Billmon snidely reports that Mr Snow also said

The president watched the results in the White House residence, where Snow described the mood as "businesslike."

"The president often likes to conduct business while curled up in a fetal position on the floor," Snow explained. "It helps him concentrate."

Perhaps that last paragraph was deleted from the Salon story by the time I got to it.

Billmon also adds this tastefully delicate update:

Since it was Bush who said that if the Democrats win America loses, I suppose the only remaining question is whether he'll fly to Pakistan to offer our surrender to Bin Ladin or invite Bin Ladin to come to Washington.

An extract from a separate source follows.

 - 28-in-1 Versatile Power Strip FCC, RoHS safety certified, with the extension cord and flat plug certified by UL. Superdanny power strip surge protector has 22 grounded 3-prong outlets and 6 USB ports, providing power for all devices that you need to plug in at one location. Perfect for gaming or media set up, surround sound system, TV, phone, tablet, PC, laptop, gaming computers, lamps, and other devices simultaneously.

Maybe they could do it on the deck of the battleship Missouri -- just for old time's sake.

Election 2006
Posted by Lurch on November 08, 2006 • Comments (12)Permalink

The election day activities are over, other than for the inevitable whining and pouty lawsuits from some Republicans who expected to spend the rest of their lives in Congress, slopping away in the public trough, while working out the more remunerative side deals with their special interest clients. But, sadly, it appears that some of their constituents woke up long enough to insist upon change. Good for them

Congratulations and thanks all around to those patriotic citizens who cared enough about their futures to stand in line for an hour or more to exercise their rights as free men and women. We’re proud of you, and grateful for all the many, many people who stepped up to knock down some of the parasitic criminals who have dragged this great country into the gutter.

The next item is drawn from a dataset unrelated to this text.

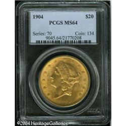 1904 $20 MS64 PCGS. Well struck and highly lustrou <B>1904 $20 MS64 PCGS.</B></I> Well struck and highly lustrous, with rich coloration and a few wispy field marks and light contact blemishes on the obverse. A sparkling, really pretty near-Gem. <BR><BR><B>Important notice:</B> Heritage usually auctions material at the rate of 200-250 lots per hour. On some occasions eBay Live bid software or the Internet may not be able to keep up with the pace of the auction. We recommend placing a realistic absentee bid now as insurance to avoid disappointment. Occasionally the auctioneer may eliminate or reject an eBay Live bid, and the auctioneer may also reopen a lot after the close of the eBay live bidding (usually because we missed an audience bid), and may reject your bid even if it shows you as the winning bidder. By bidding via eBay Live, you agree that Heritage may award the lot to another bidder at its sole discretion under the circumstances described above or any other reasonable circumstances. Since eBay bids are not shown to us until we open the lot on the floor, we treat those bids just like floor bids. In most cases the floor responds before the eBay bid is presented to us, due to Internet lag time, so for consistency we have made it a policy that floor bids are always considered first over tie eBay live bids. Also please note that all Heritage lots purchased through eBay Live carry a 20% Buyer's Premium. Please make sure you read the Terms and Conditions before you bid. This lot is being auctioned in conjunction with a live floor auction by Heritage Galleries & Auctioneers. All final auction and invoice information will be supplied by Heritage Galleries & Auctioneers, and all other information should be considered preliminary. Lot:7039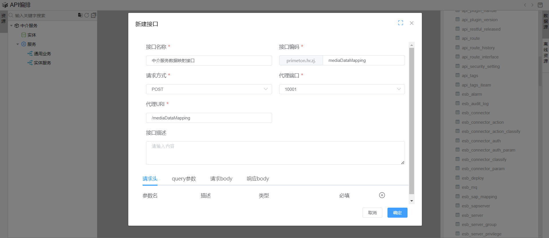 选择左侧树上中介服务节点,点击右侧的API创建按钮,选择”API编排“页签,点击”API编排“按钮,进入在线编排页面。

Looking at races in no particular order, the odious Rick Santorum will be spending more time with his family, so they can pass around that bottle of formaldehyde with the fetus inside. Now, just tell me that the voters of Pennsylvania, through the appropriate court, are going to demand that he pay back that reported $100,000 plus that they had to pay for his children to be home-schooled in Virginia, and I could probably die with a smile on my face. Suffering from a surfeit of good sense, the voters in the Keystone State also made it possible for Crazy Kurt Weldon to spend 100% of his time focusing on the coming criminal trial for influence pandering and passing money back and forth with the Russian mafia. Sweeeeet.

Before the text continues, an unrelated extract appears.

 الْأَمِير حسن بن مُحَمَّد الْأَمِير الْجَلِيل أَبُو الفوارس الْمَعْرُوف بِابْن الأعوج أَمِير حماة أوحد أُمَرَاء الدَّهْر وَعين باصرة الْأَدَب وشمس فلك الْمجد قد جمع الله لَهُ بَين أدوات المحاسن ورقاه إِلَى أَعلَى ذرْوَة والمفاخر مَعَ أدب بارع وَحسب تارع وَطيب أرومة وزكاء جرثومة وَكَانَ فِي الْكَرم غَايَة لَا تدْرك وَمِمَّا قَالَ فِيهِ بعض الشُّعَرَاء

Here in Florida, sadly, the notorious heterosexual Charlie Crist gets four more years to fly for free on Big Industry’s private jets, this time while pretending to be governor rather than Attorney General. Mark Foley’s designated pinch-hitter, state rep Joe Negron, lost to Democrat Tim Mahoney. Negron signed off with one of the classier concession speeches I’ve ever heard in Fla. Katherine Harris will get to spend a lot more time with her family make up case as Bill Nelson becomes our new junior Senator. Karma, Cruella.

Corrupt Republican John Sweeney got beaten by his Democrat opponent, Kirsten Gillibrand, a victim of the Mark Foley scandal. Corrupt Republicans Tom Sweeney and Denny Hastert, on the other hand, both won in their races. Maybe protecting child predators is acceptable in some districts.

Regrets are extended to Fixer of Alternate Brain, who worked hard and long to support his favorite candidate, Dave Mejias, in his bid to oust the odious serial liar Republican Peter King. Fixer, tell that man to stand by. Elliot Spitzer won the race for Governor in New York. Mr Mejias may get appointed to the district after King goes to prison.

Rather unfortunately Whining Joe Lieberman got the pass. I guess that $387,000 in “street money” did the trick. The tragedy here, of course, is that he is a small, vicious cowardly man like his idol George W Bush, and Democrats all over the country are going to pay for the slight he felt over being beaten by Ned Lamont. This despite public appearances from name Dems supporting him, and public promises that his seniority would be respected. He says he will caucus with Dems, which I would interpret to mean that every time they meet behind closed doors to plan strategy he should be subtly patted down, looking for a wire. Commiseration and congratulations to Ned Lamont, a man with class and determination. He ran a noble race, and I certainly hope he steps up again. There was a pickup in CT apparently, in the state races, Chris Murphy takes over from Nancy Johnson.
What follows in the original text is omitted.